### Work to complete
I'd like the data beneath this line reproduced exactly, without any of its images.

### Recorded data
= = =
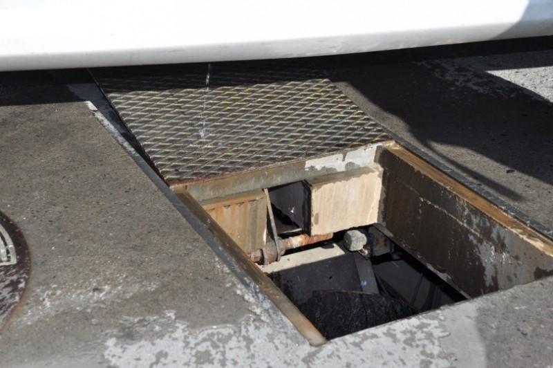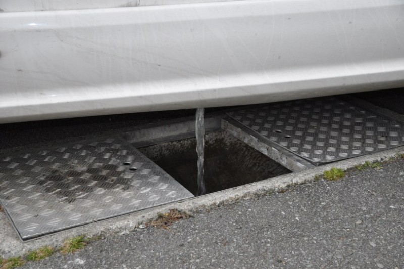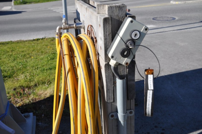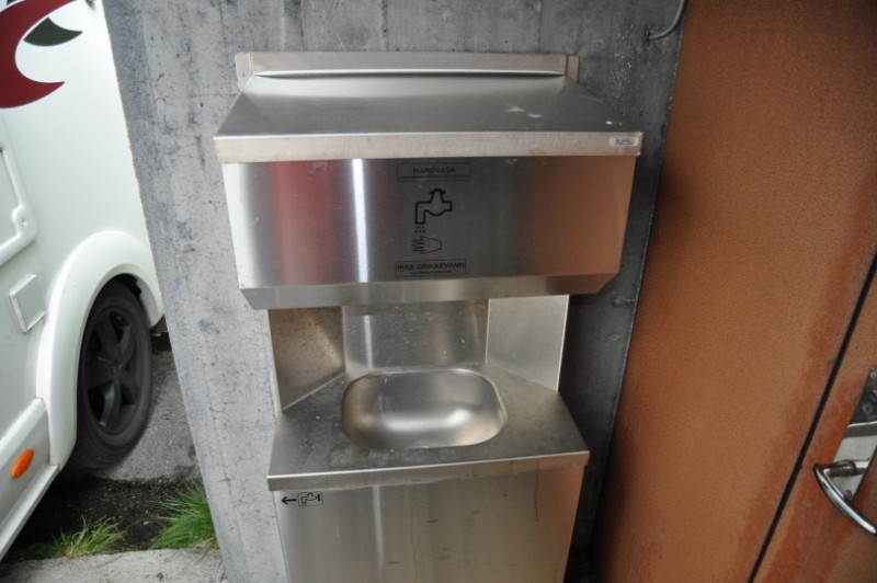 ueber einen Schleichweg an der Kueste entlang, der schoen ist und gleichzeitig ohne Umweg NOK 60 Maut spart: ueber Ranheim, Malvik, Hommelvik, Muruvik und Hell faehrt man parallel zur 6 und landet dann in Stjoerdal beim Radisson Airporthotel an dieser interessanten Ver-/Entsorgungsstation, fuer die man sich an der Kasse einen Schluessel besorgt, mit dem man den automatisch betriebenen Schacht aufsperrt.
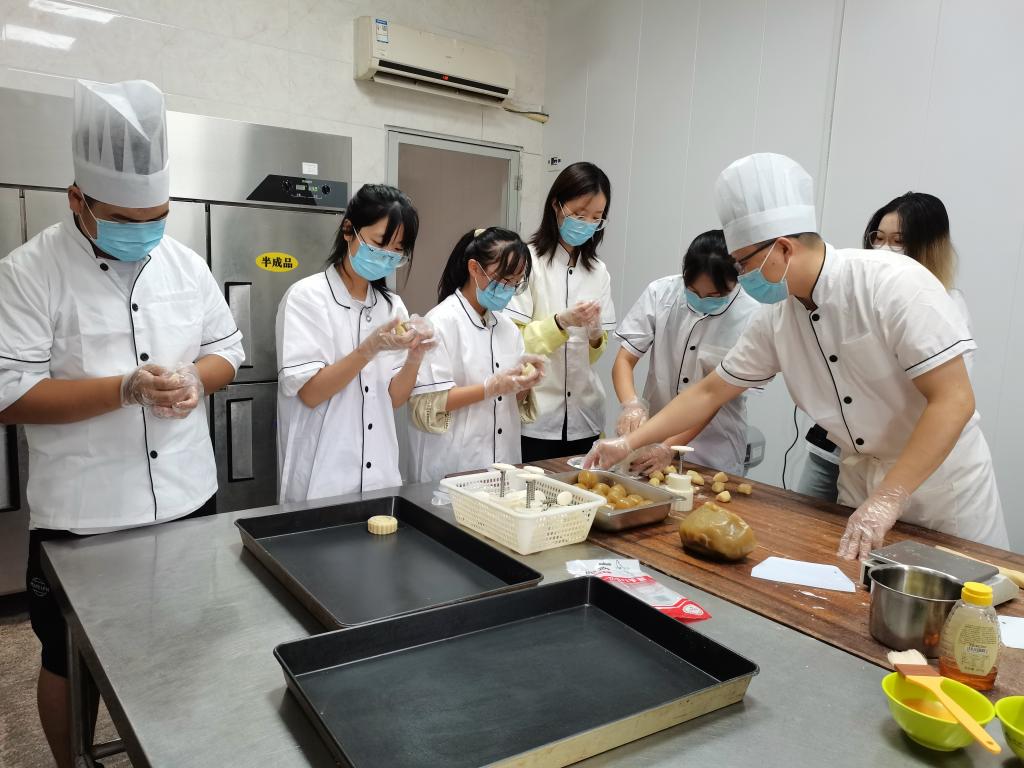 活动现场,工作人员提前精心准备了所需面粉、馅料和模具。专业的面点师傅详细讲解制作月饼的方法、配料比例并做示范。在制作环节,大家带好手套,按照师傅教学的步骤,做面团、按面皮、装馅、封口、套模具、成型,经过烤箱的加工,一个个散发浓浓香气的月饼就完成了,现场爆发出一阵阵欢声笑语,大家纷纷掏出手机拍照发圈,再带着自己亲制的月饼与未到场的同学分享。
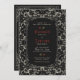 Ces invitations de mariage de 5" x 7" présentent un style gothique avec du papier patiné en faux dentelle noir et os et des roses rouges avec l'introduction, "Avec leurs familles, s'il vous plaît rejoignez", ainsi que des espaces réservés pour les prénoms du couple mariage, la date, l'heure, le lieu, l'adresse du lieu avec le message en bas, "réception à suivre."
= = =
### Written reply
 ueber einen Schleichweg an der Kueste entlang, der schoen ist und gleichzeitig ohne Umweg NOK 60 Maut spart: ueber Ranheim, Malvik, Hommelvik, Muruvik und Hell faehrt man parallel zur 6 und landet dann in Stjoerdal beim Radisson Airporthotel an dieser interessanten Ver-/Entsorgungsstation, fuer die man sich an der Kasse einen Schluessel besorgt, mit dem man den automatisch betriebenen Schacht aufsperrt.
 活动现场,工作人员提前精心准备了所需面粉、馅料和模具。专业的面点师傅详细讲解制作月饼的方法、配料比例并做示范。在制作环节,大家带好手套,按照师傅教学的步骤,做面团、按面皮、装馅、封口、套模具、成型,经过烤箱的加工,一个个散发浓浓香气的月饼就完成了,现场爆发出一阵阵欢声笑语,大家纷纷掏出手机拍照发圈,再带着自己亲制的月饼与未到场的同学分享。
 Ces invitations de mariage de 5" x 7" présentent un style gothique avec du papier patiné en faux dentelle noir et os et des roses rouges avec l'introduction, "Avec leurs familles, s'il vous plaît rejoignez", ainsi que des espaces réservés pour les prénoms du couple mariage, la date, l'heure, le lieu, l'adresse du lieu avec le message en bas, "réception à suivre."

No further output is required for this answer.